- Interactive map of Shettihalli Wildlife Sanctuary
- Location: Shimoga district, Karnataka, India
- Established: 1974

= Shettihalli Wildlife Sanctuary =

Wildlife sanctuary in Karnataka, India

Shettihalli Wildlife Sanctuary is a wildlife sanctuary in the state of Karnataka, India. It was declared a wildlife sanctuary on 23 November 1974.
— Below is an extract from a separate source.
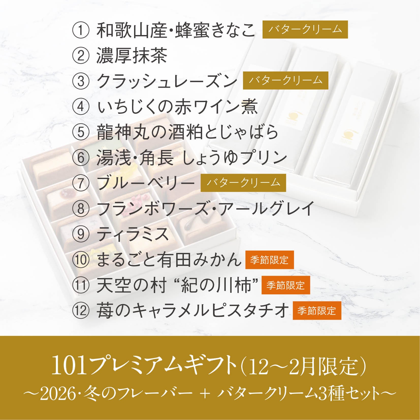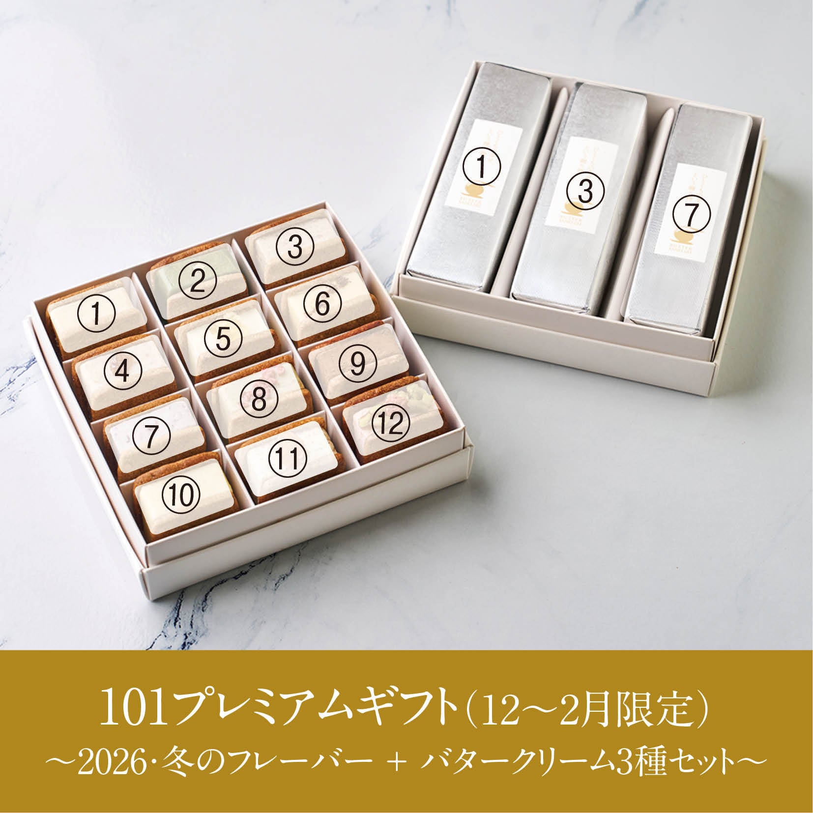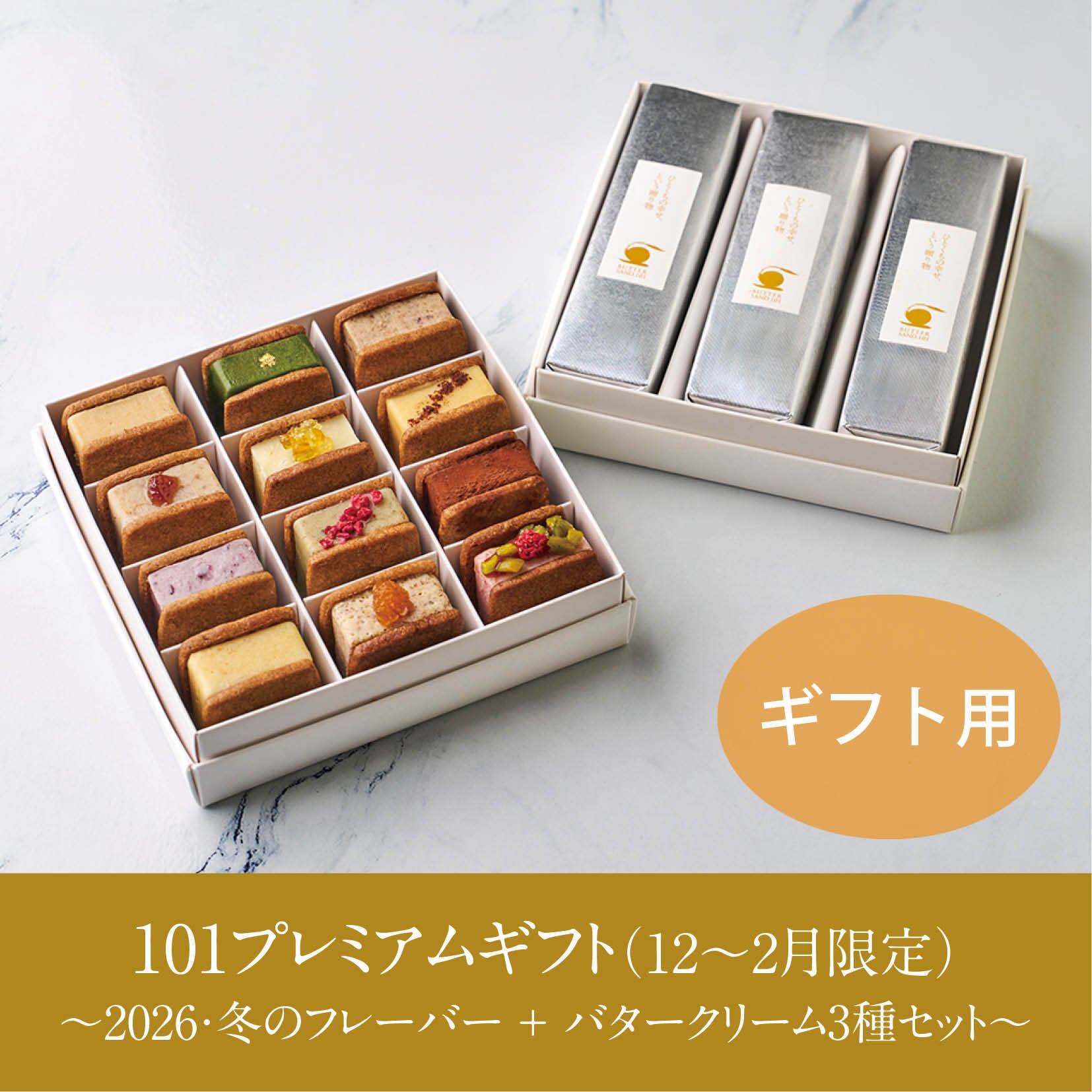 和歌山バターサンド専門店101のバターサンド 全12種類詰め合わせ 1箱とバタークリーム3種類詰め合わせ 1箱のセットです。ギフト用紙袋は1枚となります。

Featuring a variety of flora and fauna, Shettihalli Wildlife Sanctuary is situated in the Shimoga district of Karnataka. The sanctuary is home to species of animals such as white-backed vultures, Indian nightjar, and white-bellied dingo. Some other animal species such as tigers, king cobra, sloth bears, leopards, elephants, langurs, and pythons reside in dense forest areas.

== Location ==
Shettihalli Wildlife Sanctuary spans over an area of 395.6 km2. It is divided into three areas or zones, namely the core zone, the buffer zone and the tourism zone. It is situated 30 km away from Teerthahalli. Mangalore International Airport is the closest airport and Shimoga Railway Station is the closest railhead to Shettihalli Wildlife Sanctuary. The famous Jog Falls is also located near this sanctuary.